What does 'overfitting' (machine learning field) mean in linear algebra context?

353 Views Asked by At

We know that over fitting the training data leads to memorizing the training set, thus acting poor in the test samples. But when we here about this term, what does over-fitting means in the context of linear algebra, knowing that ML objective is solving Ax = b.

1

There are 1 best solutions below

0
On BEST ANSWER

TL;DR: If you construct your design matrix $A$ in a way that it perfectly interpolates your data.

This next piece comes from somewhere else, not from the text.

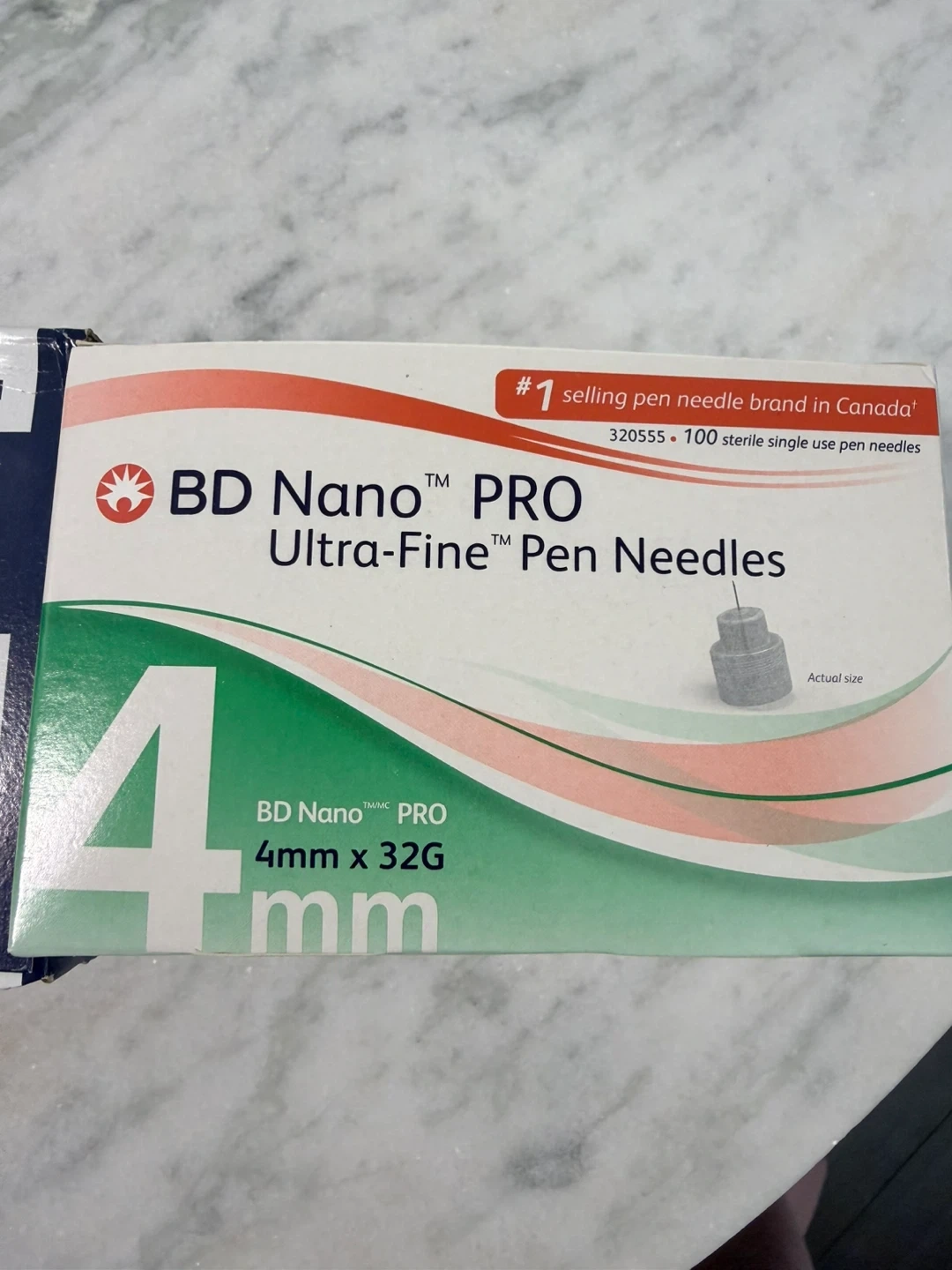 Selling a box of BD Nano PRO Ultra-Fine Pen Needles. These are 4mm x 32G. The box contains 100 sterile single use pen needles. A #1 selling pen needle brand in Canada
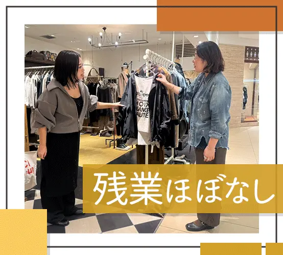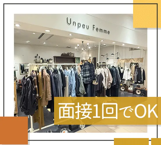 ご相談に応じて1次でWEB面談も可能!堅苦しい志望理由・面接準備は不要!気軽にお話しましょう♪ アンプーファム【Unpeu Femme】のスタイリングをご紹介♪<その1> しっかり収入UPが目指せます♪月収例:31万3000円(月給27万3000円+予算手当+個人売上手当) カジュアルかつ女性らしさも併せ持つファッションをテーマに、東京はもちろんヨーロッパ各国からも、たくさんのアイテムをセレクトしています! アンプーファム【Unpeu Femme】のスタイリングをご紹介♪<その2> 賞与に加えて、店舗の予算達成手当(月1万円)&個人売上手当(月3万円)あり!頑張りがしっかり還元されます◎ 残業は月10時間ほどとほぼありません!仕事終わりのプライべートも満喫できますよ。 アンプーファム【Unpeu Femme】のスタイリングをご紹介♪<その3> 平均年齢30.5歳!落ち着いたトーンで、じっくりお客様に向き合った接客ができます◎

Here is some intuition, consider the following simple regression problem:

You have a set of $N$ 2D-points $\{x, y \}_i^N$ and you like to find a function which interpolates these points. We can simply try a linear function:

$$ \begin{bmatrix}1&x_1\\\vdots&\vdots\\1&x_N\end{bmatrix} \begin{bmatrix}\theta_1\\\vdots\\\theta_N\end{bmatrix} = \begin{bmatrix}y_1\\\vdots\\y_N\end{bmatrix}$$ $$X\theta = y \text{ or } Ax=b$$

We call $X$ (or $A$) the design matrix and $\theta$ (or $x$) coefficients / free parameters. Now if $N$ is 2, we will have two points which can be perfectly fitted by a line. 2 points, two unknowns, it all comes together. We can also try a polynomial of order 2:

$$ \begin{bmatrix}1&x_1&x_1^2\\\vdots&\vdots&\vdots\\1&x_N&x_N^2\end{bmatrix} \begin{bmatrix}\theta_1\\\vdots\\\theta_N\end{bmatrix} = \begin{bmatrix}y_1\\\vdots\\y_N\end{bmatrix}$$

Observe we need at least 3 points $\{x,y\}$ now to calculate a function which perfectly fits them. In general we have to distinguish 3 cases, where $p$ is the order of our polynomials:

  • N < p+1: underdetermined system of equations, this cannot be solved. Basically not enough points.
  • N = p+1: (given our matrix $X$ is invertible) solvable system, we can fit our points perfectly, the function will pass through every point: $\theta_1 + \theta_2 x_j + \theta_3 x_j^2 = y_j$
  • N > p+1: overdetermined system of equations, also known as linear regression. We have more points than we actually would need to fit our data perfectly. This can be solved by normal equations: $\theta = (X^TX)^{-1}X^Ty$, a formula you might be familiar with if you have some background in machine learning. Our function will now pass though some points, but certainly not through all. For those points we will have a slightly different $y$-value, $\hat{y}$.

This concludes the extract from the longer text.